== Exercise description ==
Write out the listing exactly, from its first line through the line holding "灵蛇辞旧岁,金马迎新春。大年", but include none of the pictures.

== Provided data ==
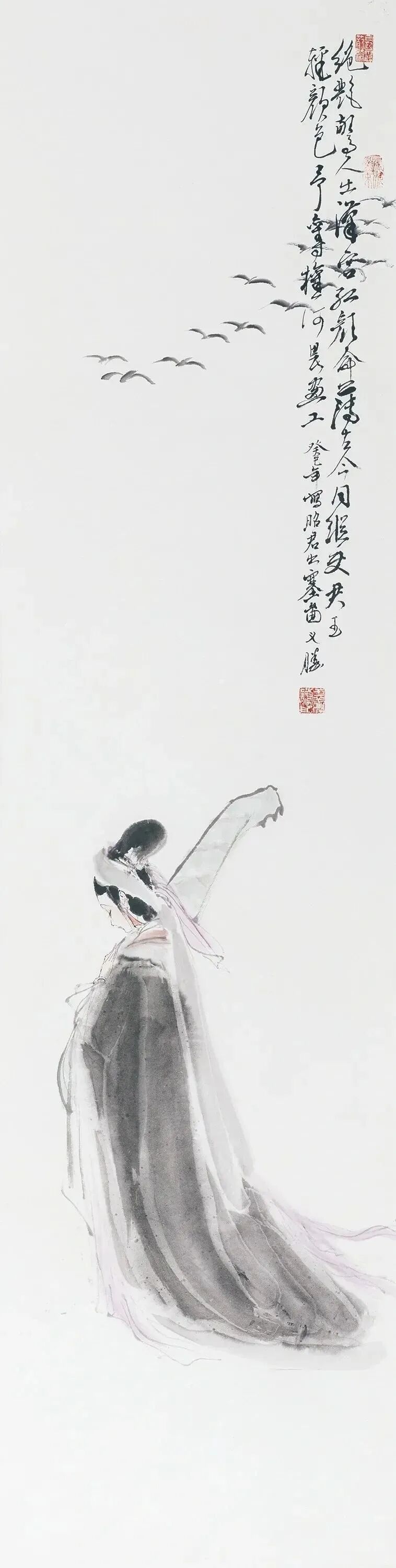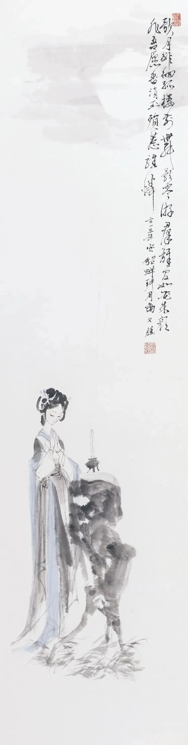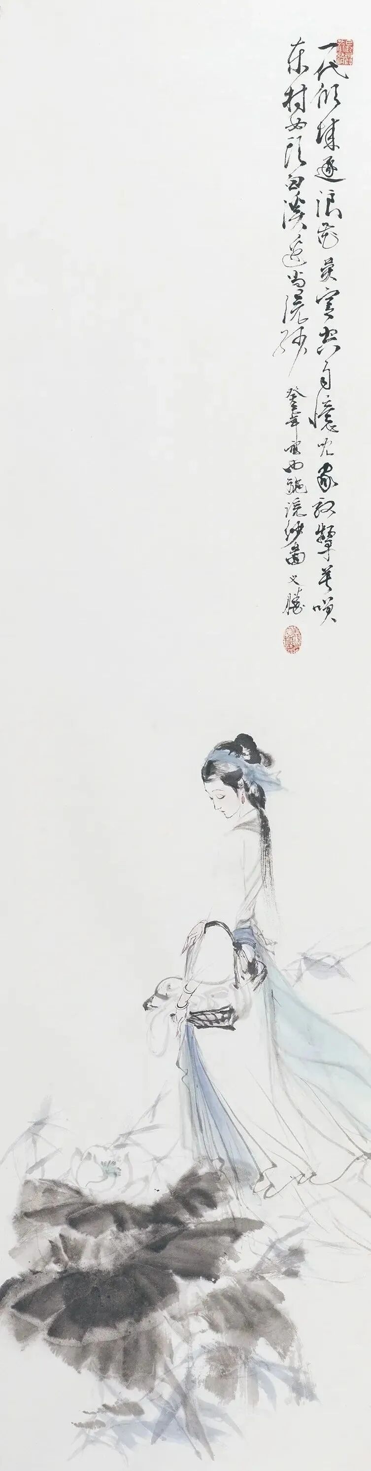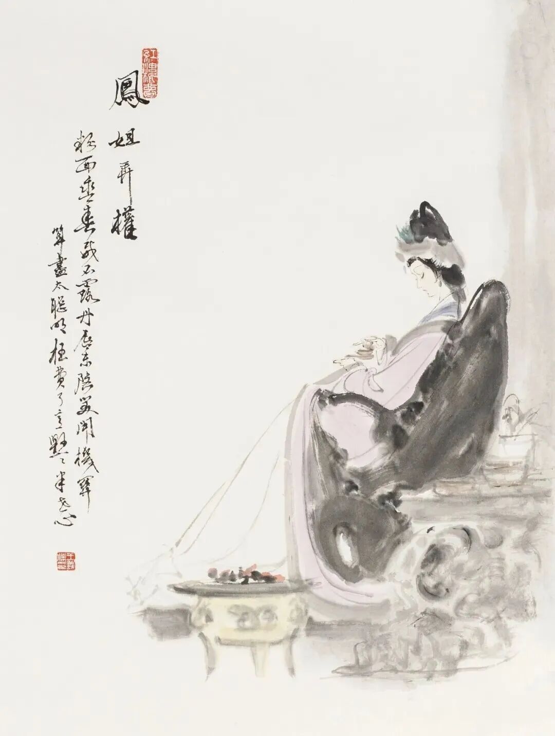 他创作仕女图,追求清新隽永、质朴出尘的美学气韵,要有含蓄的古意又应区别于古人。
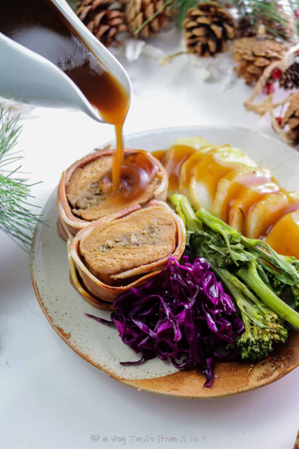This Bacon Wrapped Vegan Soy Roast is THE centrepiece you can bring on the table this Holiday season. It’s the perfect meatless alternative that won’t make you miss the real thing.
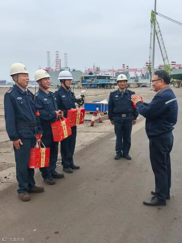 灵蛇辞旧岁,金马迎新春。大年初一,中船黄埔文冲船舶有限公司党委书记、董事长罗兵,总经理助理陈标烘,总经理助理段显龙分赴各厂区一线,亲切慰问坚守岗位的春节值班人员,为大家送上新春的美好祝福和暖心关怀,向节日里坚守岗位的员工致以诚挚的问候。
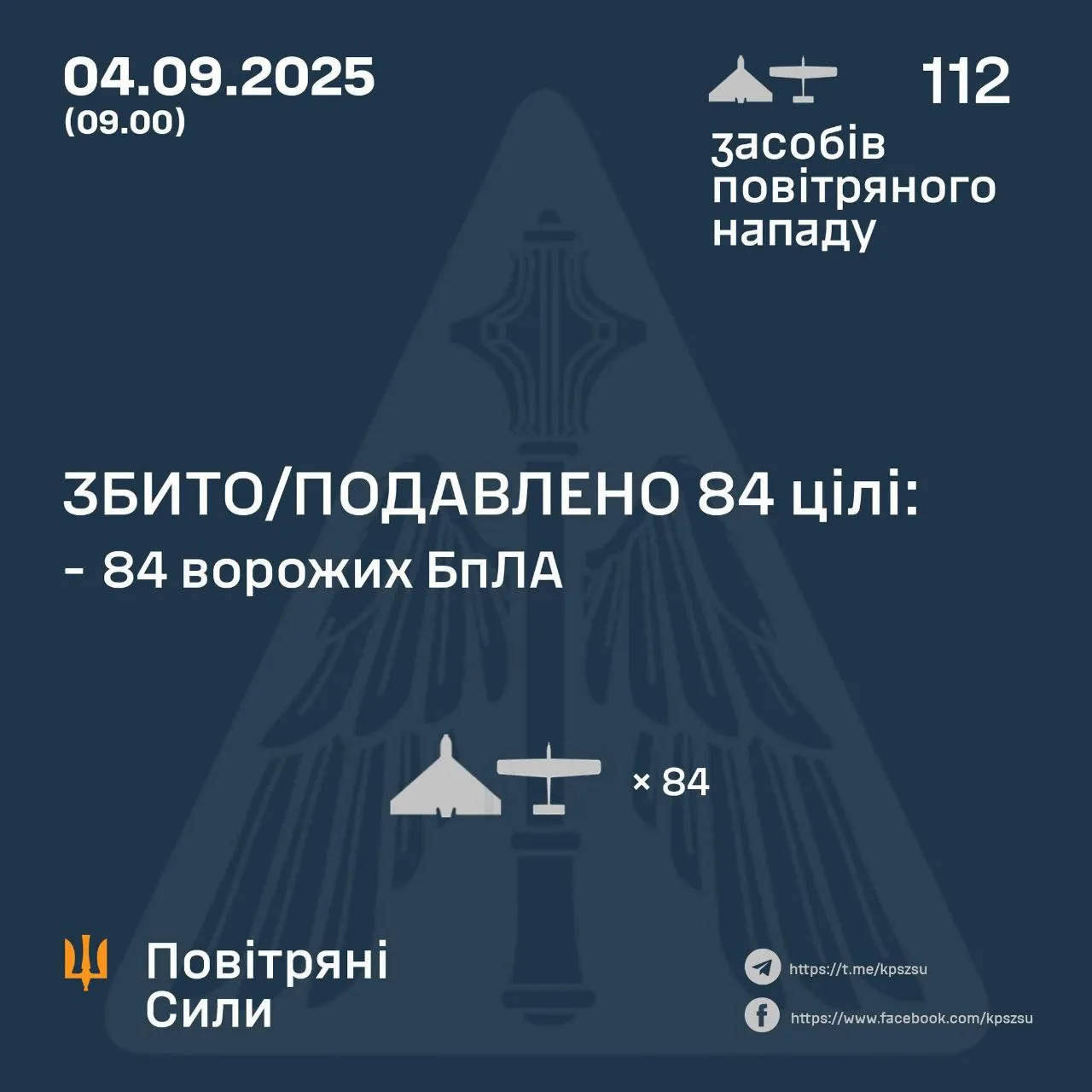 По предварительным данным, по состоянию на 09.00 противовоздушной обороной сбито/подавлено 84 вражеских БПЛА типа Shahed и дронов-имитаторов различных типов на Севере, Юге и Востоке страны,

== Reply ==
 他创作仕女图,追求清新隽永、质朴出尘的美学气韵,要有含蓄的古意又应区别于古人。
This Bacon Wrapped Vegan Soy Roast is THE centrepiece you can bring on the table this Holiday season. It’s the perfect meatless alternative that won’t make you miss the real thing.
 灵蛇辞旧岁,金马迎新春。大年初一,中船黄埔文冲船舶有限公司党委书记、董事长罗兵,总经理助理陈标烘,总经理助理段显龙分赴各厂区一线,亲切慰问坚守岗位的春节值班人员,为大家送上新春的美好祝福和暖心关怀,向节日里坚守岗位的员工致以诚挚的问候。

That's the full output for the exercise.